The production was actually wrapped before it was completed. The death of Luhrmann’s father and Nicole’s injuries had eaten up about six weeks of precious studio time. There was no way to get an extension because the studio had been leased out for Ewan McGregor’s next movie,
Star Wars: Episode II
. Within minutes after Luhrmann and company left the studio, wrecking balls were in place to demolish the set.

Luhrmann eventually finished filming in Madrid, Spain, where Nicole and Tom went to film the supernatural thriller,
The Others
, a project for which Tom had signed on as producer. The time that Tom and Nicole spent in Sydney was special in that it allowed them to be together with the children, but it was stressful in a professional sense because of all the problems that plagued both
Moulin Rouge
and
Mission Impossible II.
From beginning to end, it took two years to complete work on
Mission Impossible II.
They were well into production before the screenwriter, Robert Towne, turned in his first lines, long after Tom and director John Woo had worked out the action sequences. It was, after all, a movie that depended on action, not words, for its creative energy.

Woo saw Tom as what he called a “rock star,” meaning that when the actor spoke he generated so much energy it was like he was playing an instrument and dancing. Woo used that energy, he later explained to reporters, to choreograph Tom’s action scenes. It was a good thing that Woo, the master of karate flicks, saw those qualities in Tom, for despite all his action movies, the actor had never been in fight scenes in which he delivered karate chops. Woo pretty much “danced” him through those scenes, making it up as he went along.

Tom was his usual charismatic self on the set, enthusiastic and ever ready to offer suggestions on how a scene could be done better, but there was something different about him, something no one could quite put their finger on. He sometimes seemed preoccupied, distracted perhaps by his trips to the
Moulin Rouge
set to check up on his wife and children.

Tom also seemed more aggressive, from a director’s point of view, in that he wanted to do some of his own stunts. Was he trying to compete with his high-spirited, daredevil wife? Or was he trying to impress her? She had broken a rib and torn knee cartilage while making a girlie musical, wounds she wore like a badge of honor—and what did he have to show for his efforts on the set of a manly action movie? He had suffered no broken bones or bruises, nor did he walk with a limp.
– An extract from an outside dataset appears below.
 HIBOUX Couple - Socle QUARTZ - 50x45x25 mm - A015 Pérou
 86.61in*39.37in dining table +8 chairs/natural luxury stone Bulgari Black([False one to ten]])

Woo was stunned when Tom told him he wanted to do his own stunt on the “massive gorge” scene (shot in Utah), where supported only by a single cable, he clung to the face of a cliff over two thousand feet in the air. Everyone tried to persuade him not to do it, including Woo and the studio executives—even Tom’s mother joined in the don’t-do-it chorus and flew to Utah to see for herself—but he insisted, making fun of those who asked him where the nets would be placed (there were no nets or air bags).

  Nicole never seemed to be far from his thoughts. He insisted that production on
Mission Impossible II
begin in Sydney so that he could be there with his wife and children. He went often to the
Moulin Rouge
set, but no one can recall her ever visiting the
Mission Impossible II
set. There marriage was undergoing a major shift, but no one but Tom and Nicole were aware of what was happening.